→ Exercise requirements: Take the material below and output exactly the run of lines from the one containing "День варенья всем понравился." down to the one containing "逸龙广场·九珑临街效果图", with both included.

→ Input records:

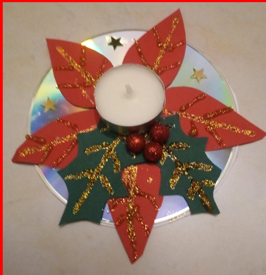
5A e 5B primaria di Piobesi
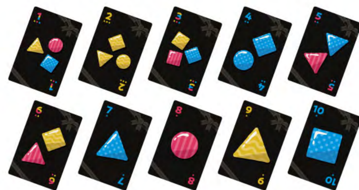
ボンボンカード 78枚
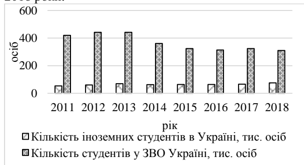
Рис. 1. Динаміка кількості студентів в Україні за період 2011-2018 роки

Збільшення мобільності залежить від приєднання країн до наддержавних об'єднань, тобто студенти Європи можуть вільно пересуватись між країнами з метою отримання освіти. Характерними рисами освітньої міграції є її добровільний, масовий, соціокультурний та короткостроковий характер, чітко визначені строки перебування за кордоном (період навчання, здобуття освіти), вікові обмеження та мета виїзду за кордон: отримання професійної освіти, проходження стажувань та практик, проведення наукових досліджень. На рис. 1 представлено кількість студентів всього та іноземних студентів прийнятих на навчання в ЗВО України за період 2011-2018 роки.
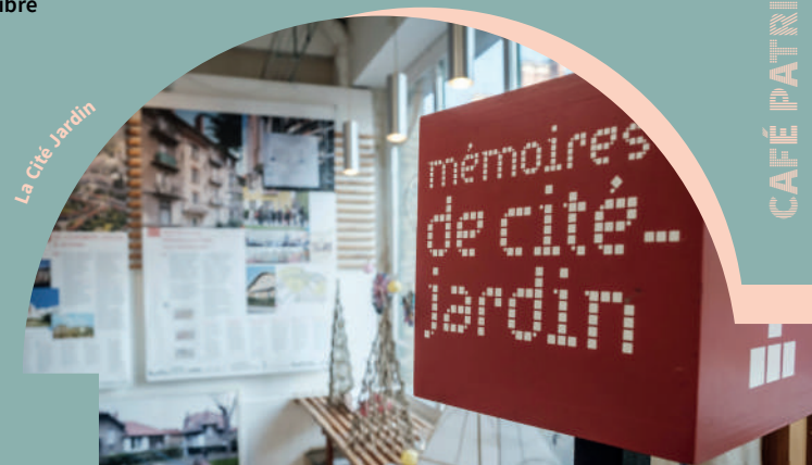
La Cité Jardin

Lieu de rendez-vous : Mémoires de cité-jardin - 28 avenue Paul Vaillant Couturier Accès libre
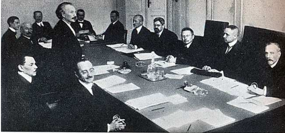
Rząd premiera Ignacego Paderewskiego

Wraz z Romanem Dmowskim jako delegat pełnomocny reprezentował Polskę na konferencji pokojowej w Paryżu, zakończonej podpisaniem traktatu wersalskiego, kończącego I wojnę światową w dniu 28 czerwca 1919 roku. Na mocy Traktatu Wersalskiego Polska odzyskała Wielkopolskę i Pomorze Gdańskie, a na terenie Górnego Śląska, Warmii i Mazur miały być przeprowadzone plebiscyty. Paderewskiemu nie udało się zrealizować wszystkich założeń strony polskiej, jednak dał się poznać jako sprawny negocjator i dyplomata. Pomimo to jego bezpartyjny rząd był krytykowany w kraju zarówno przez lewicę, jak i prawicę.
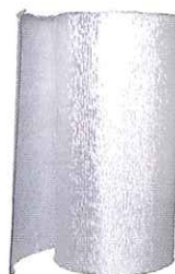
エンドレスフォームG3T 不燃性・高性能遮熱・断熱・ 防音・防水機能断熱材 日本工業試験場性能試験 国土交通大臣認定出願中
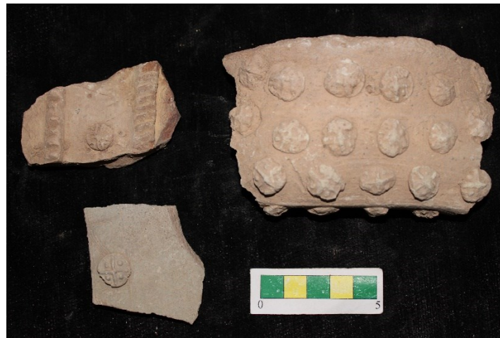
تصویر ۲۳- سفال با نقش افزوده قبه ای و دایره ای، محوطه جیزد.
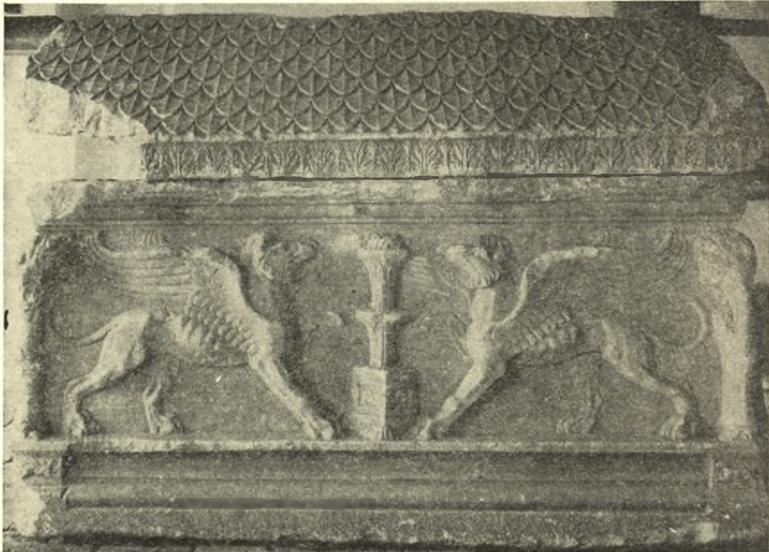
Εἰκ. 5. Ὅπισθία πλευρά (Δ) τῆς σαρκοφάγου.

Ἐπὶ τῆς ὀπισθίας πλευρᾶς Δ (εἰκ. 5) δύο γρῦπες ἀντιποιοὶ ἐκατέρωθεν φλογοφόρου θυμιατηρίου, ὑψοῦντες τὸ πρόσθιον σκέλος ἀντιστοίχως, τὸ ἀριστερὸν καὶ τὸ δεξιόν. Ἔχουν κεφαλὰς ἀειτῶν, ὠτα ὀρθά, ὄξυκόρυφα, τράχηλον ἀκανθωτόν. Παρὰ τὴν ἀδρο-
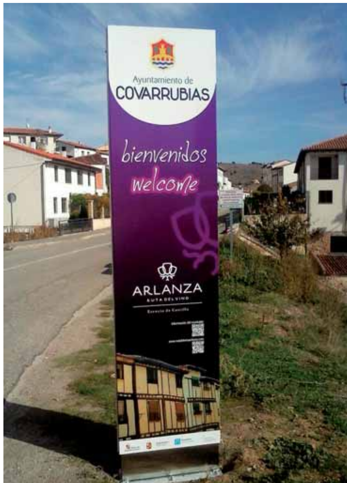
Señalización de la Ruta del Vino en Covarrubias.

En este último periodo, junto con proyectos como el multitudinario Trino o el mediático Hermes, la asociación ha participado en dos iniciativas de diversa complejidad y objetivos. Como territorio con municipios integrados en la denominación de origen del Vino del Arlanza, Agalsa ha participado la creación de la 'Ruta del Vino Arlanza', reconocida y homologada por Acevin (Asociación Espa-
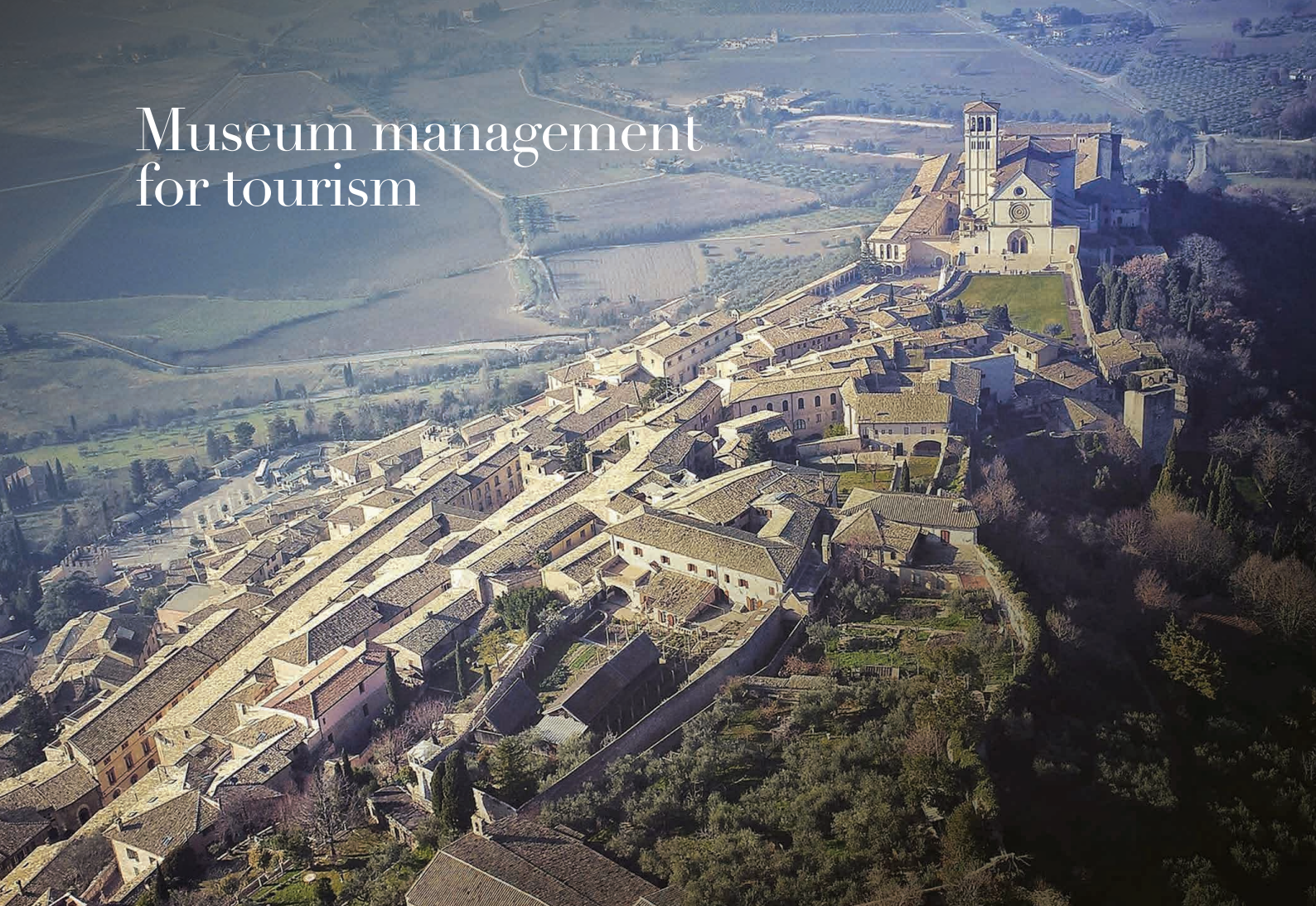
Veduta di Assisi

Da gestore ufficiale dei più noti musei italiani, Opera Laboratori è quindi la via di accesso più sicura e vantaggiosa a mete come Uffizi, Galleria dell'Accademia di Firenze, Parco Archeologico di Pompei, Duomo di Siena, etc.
---
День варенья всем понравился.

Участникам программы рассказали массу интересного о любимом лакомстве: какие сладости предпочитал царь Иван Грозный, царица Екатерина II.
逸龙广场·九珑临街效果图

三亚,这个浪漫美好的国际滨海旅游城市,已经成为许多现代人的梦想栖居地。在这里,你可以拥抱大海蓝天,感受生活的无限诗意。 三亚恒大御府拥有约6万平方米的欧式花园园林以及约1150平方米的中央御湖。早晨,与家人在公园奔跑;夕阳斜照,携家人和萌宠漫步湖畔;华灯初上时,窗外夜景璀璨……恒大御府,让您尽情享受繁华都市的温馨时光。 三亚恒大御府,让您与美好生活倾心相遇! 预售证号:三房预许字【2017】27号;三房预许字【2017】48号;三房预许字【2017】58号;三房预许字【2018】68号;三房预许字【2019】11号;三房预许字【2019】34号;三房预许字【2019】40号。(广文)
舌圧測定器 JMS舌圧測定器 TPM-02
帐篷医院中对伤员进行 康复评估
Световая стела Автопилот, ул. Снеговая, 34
---
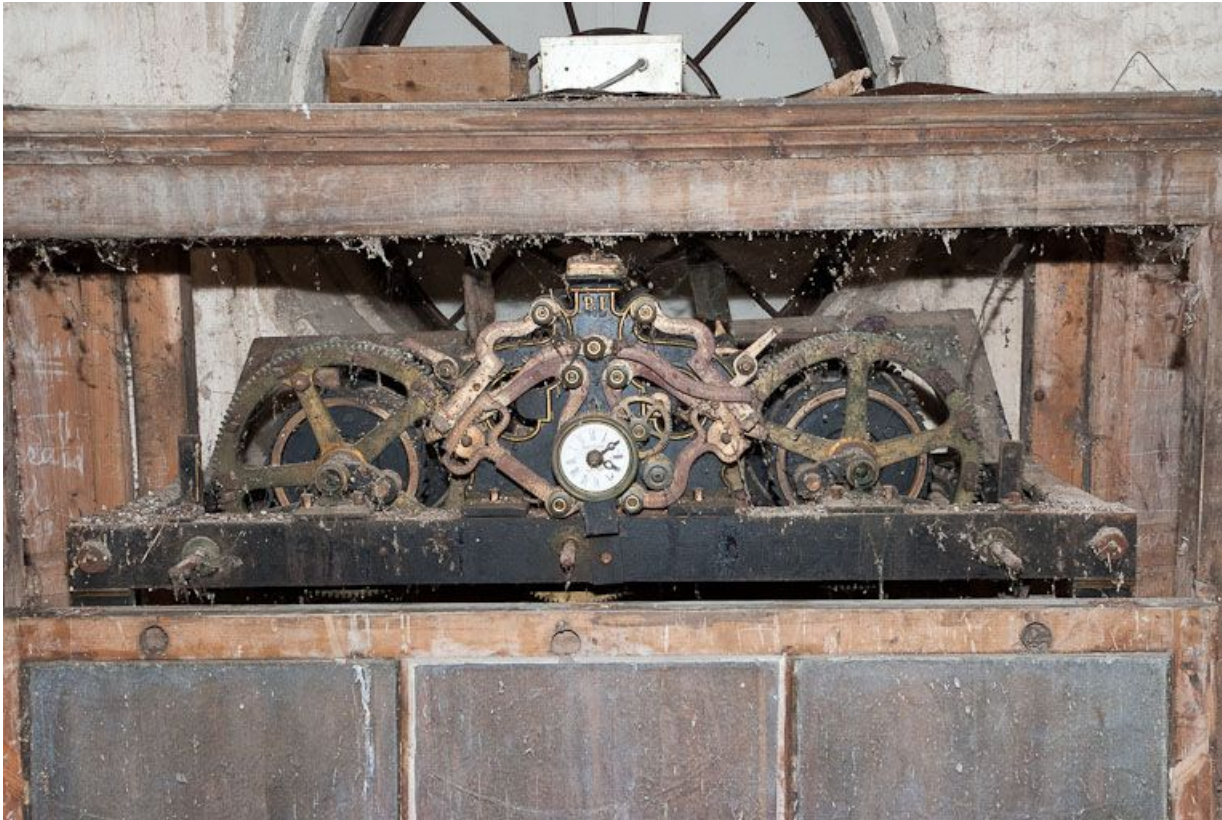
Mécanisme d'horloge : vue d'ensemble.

→ Result of this task:
День варенья всем понравился.

Участникам программы рассказали массу интересного о любимом лакомстве: какие сладости предпочитал царь Иван Грозный, царица Екатерина II.
逸龙广场·九珑临街效果图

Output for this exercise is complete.